The second thing COIN needs is some regulatory clarity. COIN is clearly trying to “do the right thing” by going through the U.S. legal process in good faith. Other service providers have been quick to simply abandon the U.S.A. market. The problem is this does not mean they are no longer Coinbase competitors! U.S. users can easily get on other exchanges with more favorable terms at very little cost to themselves. There’s no legal recourse for Americans who choose to use exchanges which are in obvious violation of U.S. laws. The sooner Coinbase gains regulatory clarity, the sooner it can stop spending money on legal battles and have a clear product suite, or maybe decide to move operations abroad. For now, they are trying to make everyone happy by dynamically changing their product suite. Of course, regulations aren’t really under Coinbase’s control.

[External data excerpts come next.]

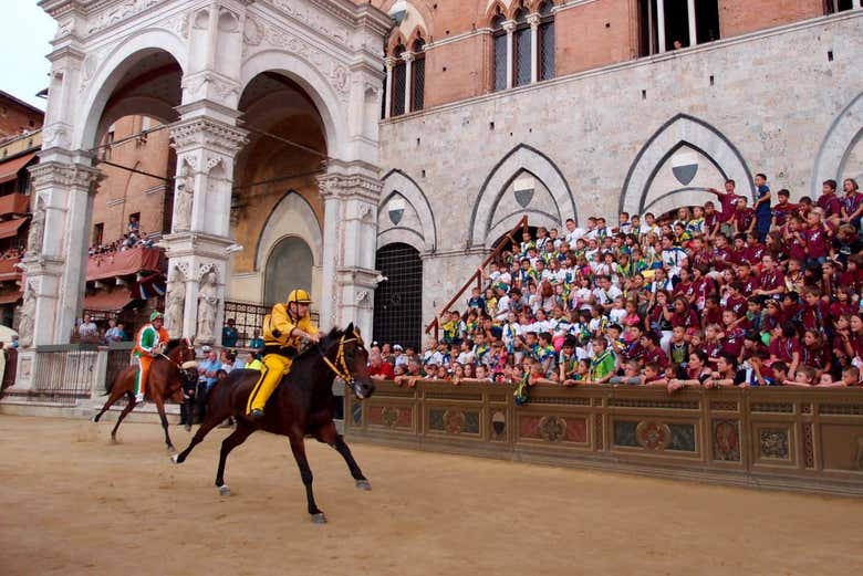 As we walk around the square, we'll learn about the medieval origins of these equestrian competitions, in which the contradas (districts) of Siena compete against each other. Each rider wears a uniform with the colors of their district and competes for the pallium, a painted banner made of silk, from which the race gets its name. There is no greater honor for a jockey representing his contrada than to receive the winner's pallium.
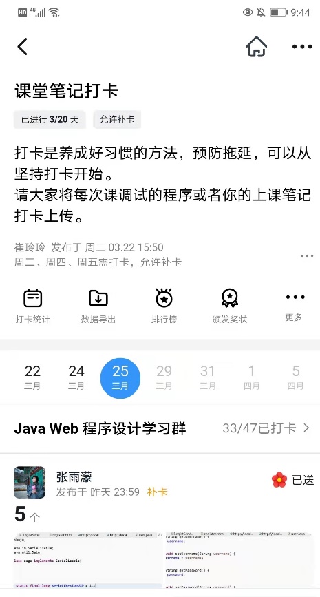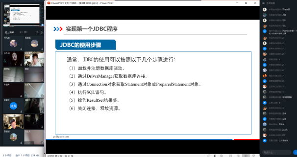 《Java Web程序设计》为软件工程、计算机科学与技术专业的必修课程,通过智慧树平台,已完成网络课程的建设,各种教学资料完备充足(课件、大纲、视频、习题、作业、讨论等),具备学生自学的条件。但是该课程的实践性较强,涉及到大量的程序编写和调试,学生自学很难领悟其中的关键知识点,因此就需要借助直播平台来实施在线课堂教学。根据课程特点以及在线学习学生的特点,几经对比,崔老师最终选择了钉钉群在线课堂的直播方式。
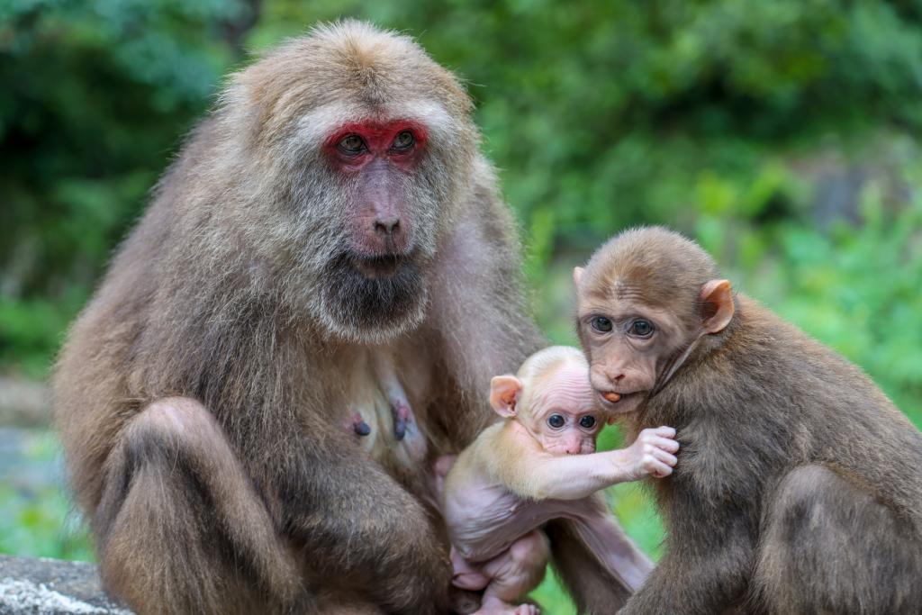 7月22日,藏酋猴在武夷山國家公園腹地桐木村嬉戲。新華社發(fā)(邱汝泉攝)
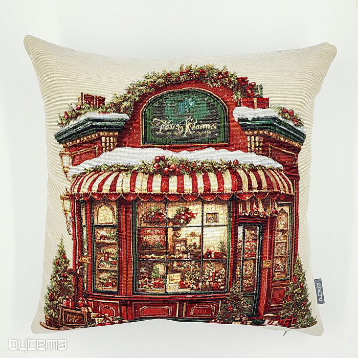 Tapestry cover with a motif of a Christmas window display on a busy street. A beautiful Christmas accessory for your home.
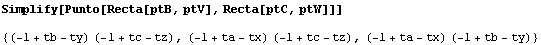 Vemos en efecto que las tres rectas se cortan en puntos del infinito (sus coordenadas suman 0), así que son paralelas. El centro de homotecia es
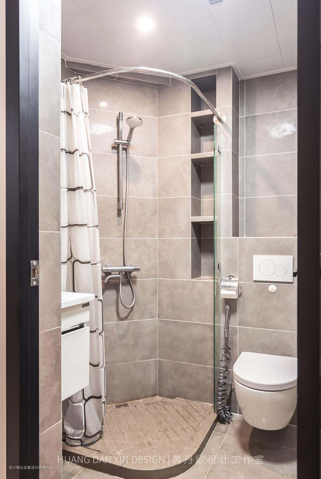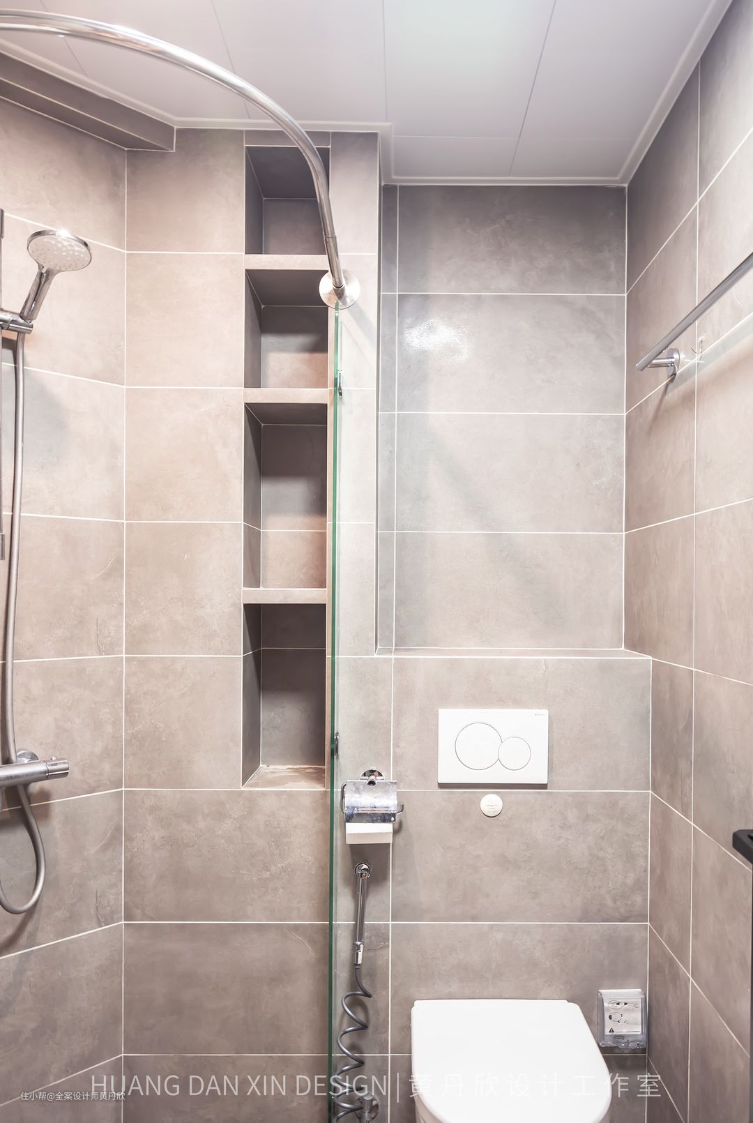 灰色的墙砖,方便后期搞卫生,砖缝做了环氧彩砂填缝,不会发霉发黑。壁龛的位置原来为一个尖角,特意做平,并砌筑了壁龛,对空间充分利用。
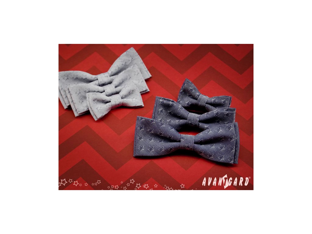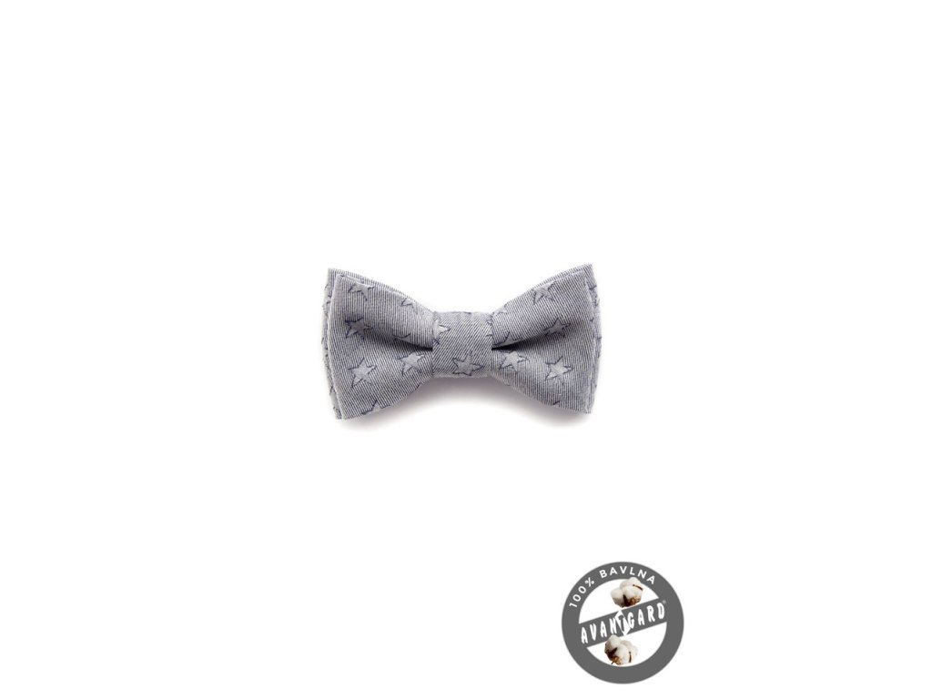 Světle šedý chlapecký MINI motýlek se vzorem hvězdy
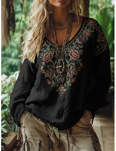 Femmes T-shirt bohème T-shirt Imprimé Fleuri ancien Ethnique Occasionnel manche longue Col en V Hauts Réguliers Quotidien Week-end Vêtements de vacances Noir Rose Claire Printemps Automne
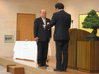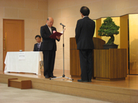 当日は、京都府山田知事様が府議会の為、京都府庁文教課の中西文章課長様より表彰状の授与と山田京都府知事様からの祝辞の代読をいただきました。
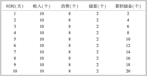 有了这些考虑,鲁滨孙会认识到,把10个椰子都吃掉并不是最好的选择。假定他决定吃掉8个椰子,把另外的2个储存起来。这样的话,按照经济学的术语,鲁滨孙一天的收入是10个椰子,其中8个椰子用于当期的消费,2个椰子变成储蓄。在经济学中,储蓄总是等于收入与消费之差,即 储蓄 = 收入 - 消费 。
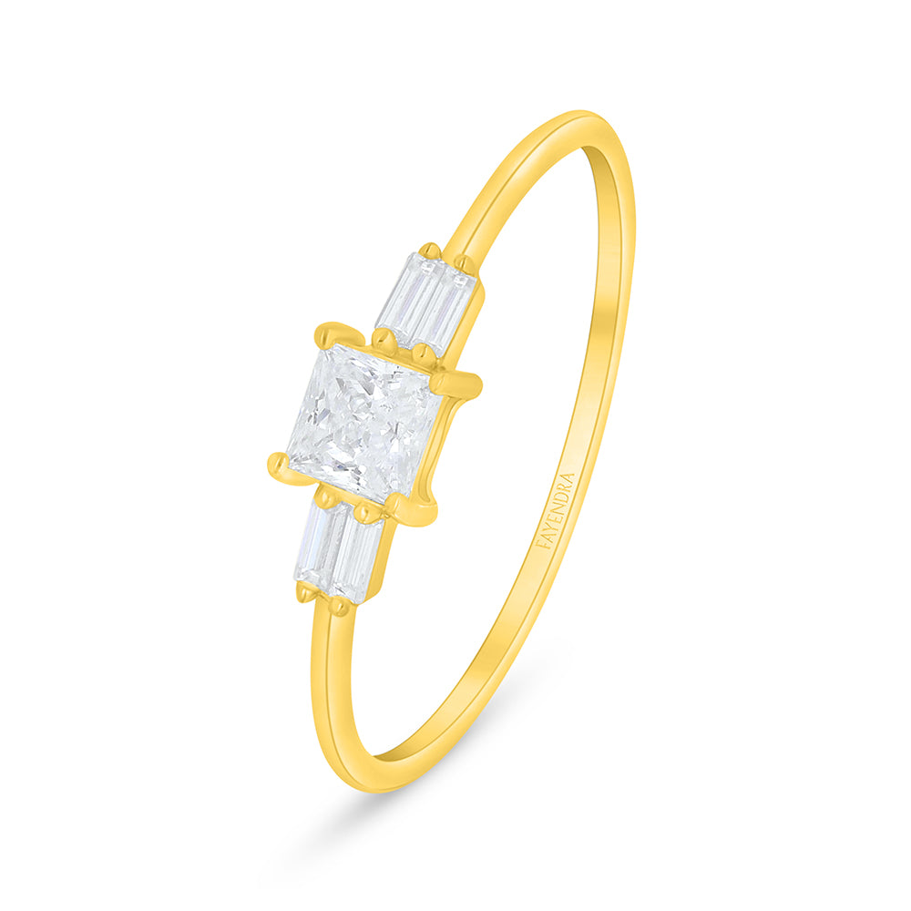 خاتم من الفضة الخالصة عيار 925 مطلي ذهبي مرصع فص ابيض
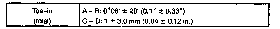 If the toe-in is not within the specified value, inspect and replace the suspension parts as necessary.
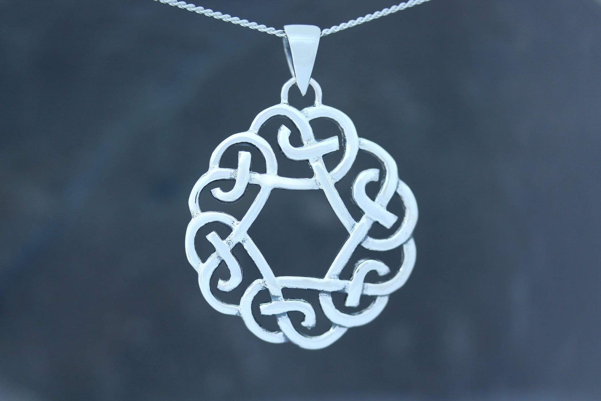 A Sterling Silver Celtic Knot pendant in an infinity wheel knot design.
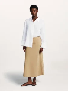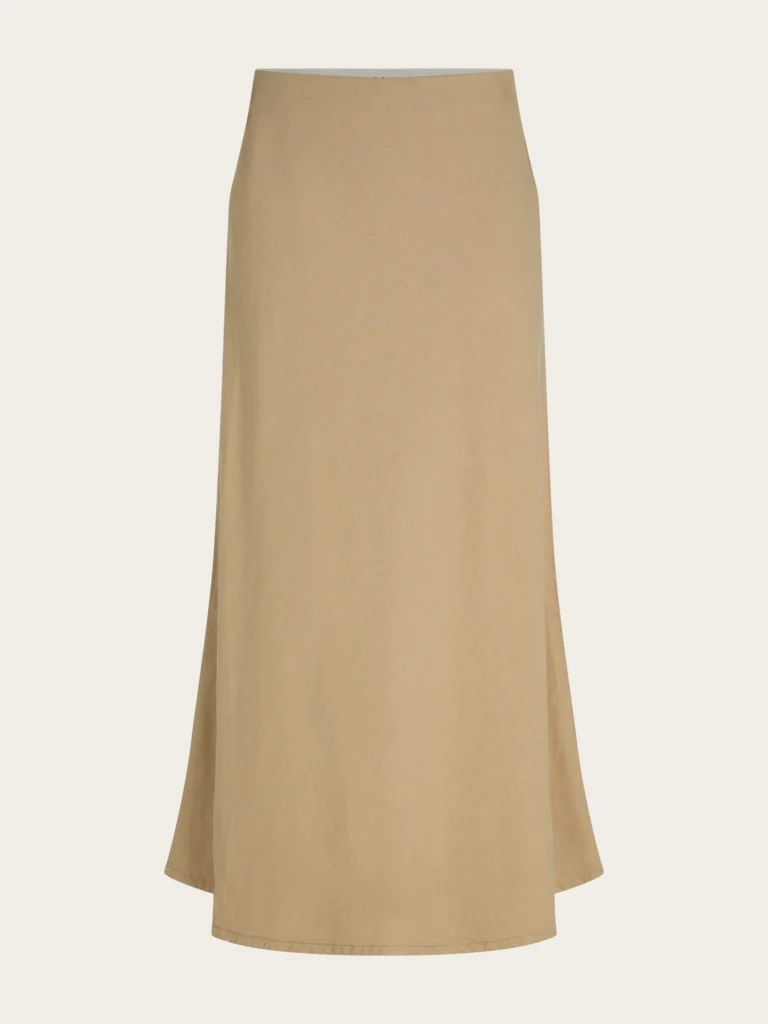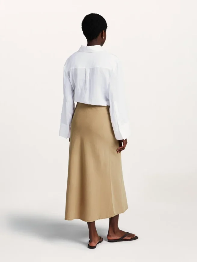 Deze rok in gewassen linnen-katoen heeft een lange lengte en een soepelvallende, diagonaal gesneden fit. De elastische tailleband met logo aan de binnenkant zorgt voor extra comfort.
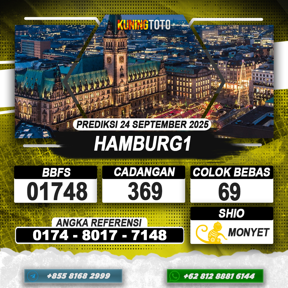 PREDIKSI TOGEL HAMBURG1 24 SEPTEMBER 2025 – Selamat Datang di Situs Prediksi Togel Online Akurat dan Resmi KUNINGTOTO. Permainan Togel atau Toto Gelap ini telah lama menarik perhatian dan banyak dimainkan oleh para bettor. Sejak dulu permainan togel dimainkan dengan memasang taruhan angka dengan bandar darat yang tersedia di daerah masing – masing. Namun sekarang ini dengan perkembangan teknologi yang semakin maju, para bettor bisa menikmati permainan togel secara online. Anda bisa menemukan banyak6ya Situs Bandar Togel Online yang menyediakan layanan pemaangan angka togel secara praktis. Dimana masing – masing situs bandar togel online resmi dan terpercaya tentu menyediakan layanan dan keuntungan yang berbeda – beda untuk Anda.
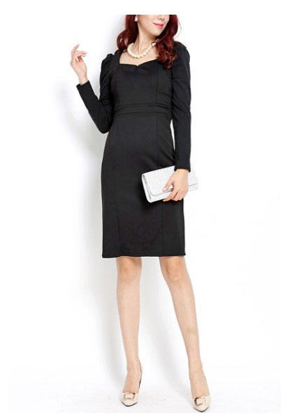 キャバ 魅惑 ドレス レディース 黒 パブ 長袖 レース タイト スカート エレガント プリーツ 韓国 セクシー
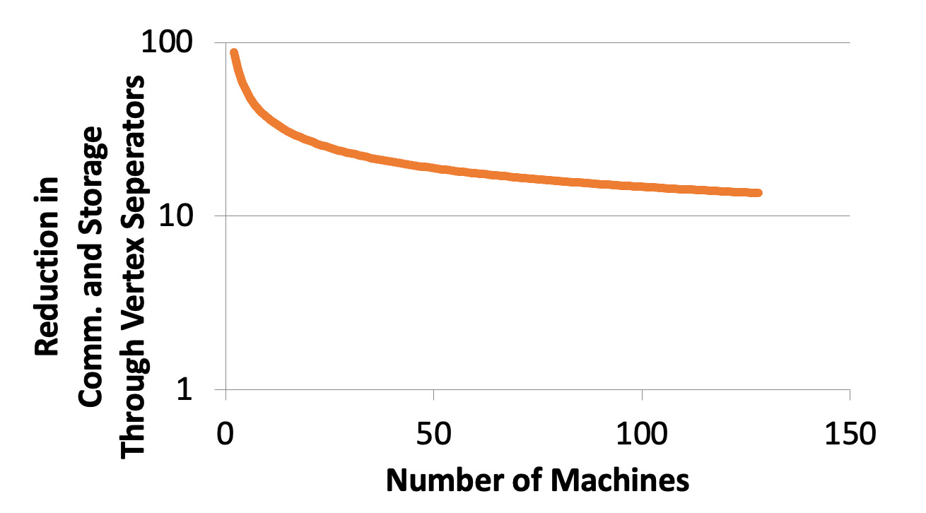 We can demonstrate mathematically that the partitioning edges gives at least an order of magnitude reduction in communication compared to partitioning vertices.
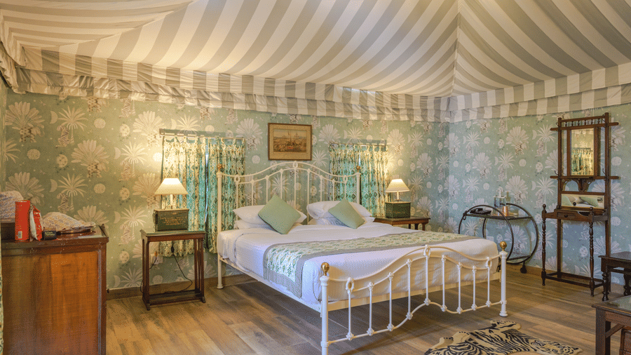A rooftop hunting tent with appropriate camp and art deco furniture used by royals on shikar outings.
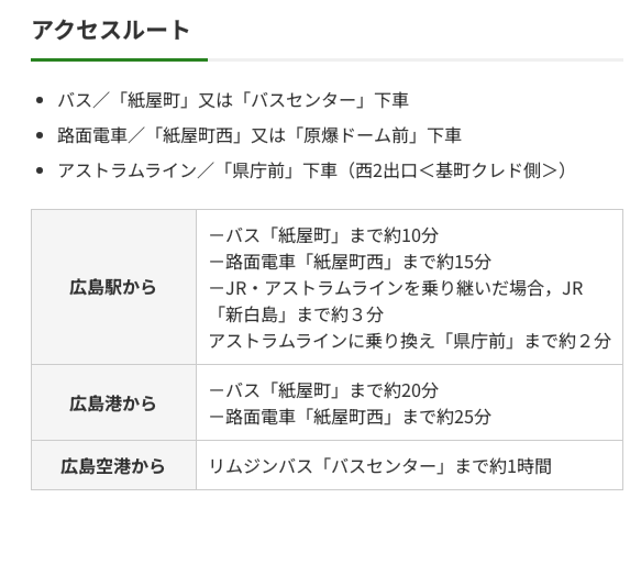 「原爆ドーム前駅」か「県庁前駅」からの徒歩5分圏内が最も便利なアクセス路線とされています。
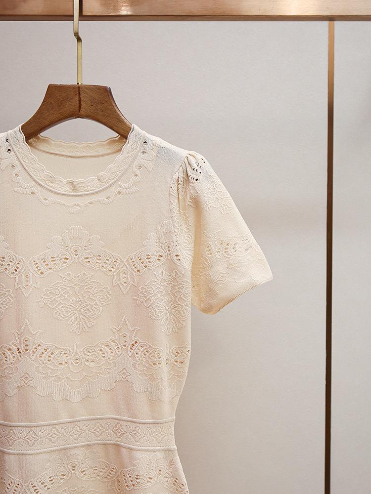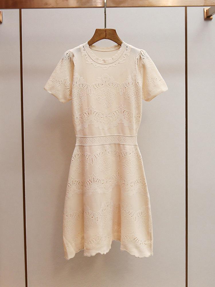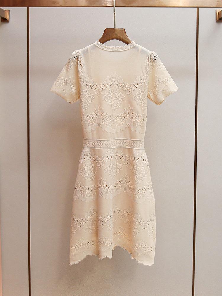Shenzhen Nanyou Vestido Elegante Simple para Mujer de Clase Verano Manga Corta Corte A Recorte en la Cintura Falda Corta de Punto para Mujer
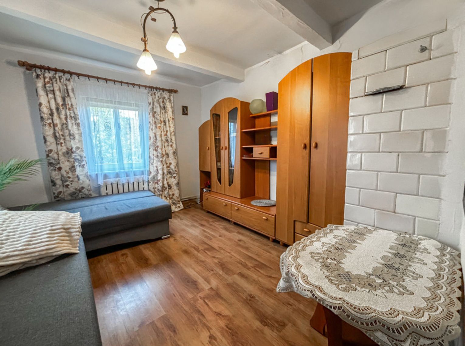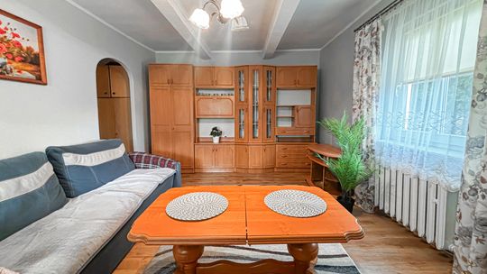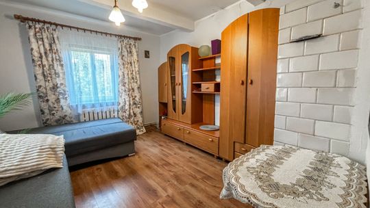 Dom drewniany obmurowany, docieplony styropianem z oknami PCV i wymienionym poszyciem dachowym.

A third way for COIN to turn things around is through strategic partnerships and investing, although this is quite a long shot. Since there are so many startups in the Web3 space, an early-stage investment in something that becomes big could pay big dividends. Coinbase’s public backing is also an asset for the startups. Currently, Coinbase Ventures is a program which does exactly this. It has a diverse portfolio of investments in DeFi and Web3. Most of these investments will be worthless just by the nature of early stage investing. Absolutely a long shot.
Valuation and Conclusion
There is no need for complicated models here. COIN is headed to zero if it cannot be profitable. This is an economic fact. Right now, the path to profitability seems unlikely. I am also not certain the U.S. will be friendly towards crypto either. The reality is a lot of tokens are probably securities. Proof-of-stake also has many properties that are equity-like. I discuss this in an article analyzing the SEC’s lawsuits in June. Much of COIN’s valuation hinges on what transpires in the next few months in court.
Furthermore, Coinbase is a speculative investment. If the Fed cuts rates or if the current risk-on trend we’ve seen this year persists, then the COIN rally could continue. In the long-term, lack of profitability will catch up.
I like Coinbase as a company and believe in their mission of increasing economic freedom around the world. It is a bold and worthwhile objective. I admire Coinbase for holding its ground in the U.S. even though so many others have decided to go overseas. That said, there are noble intentions and there are good business practices, and the two are often unrelated to each other.
I rate COIN a sell. However, I will continue to watch the company’s developments and publish updates to this investment thesis. Privately, I do hope for a turnaround in all their prospects.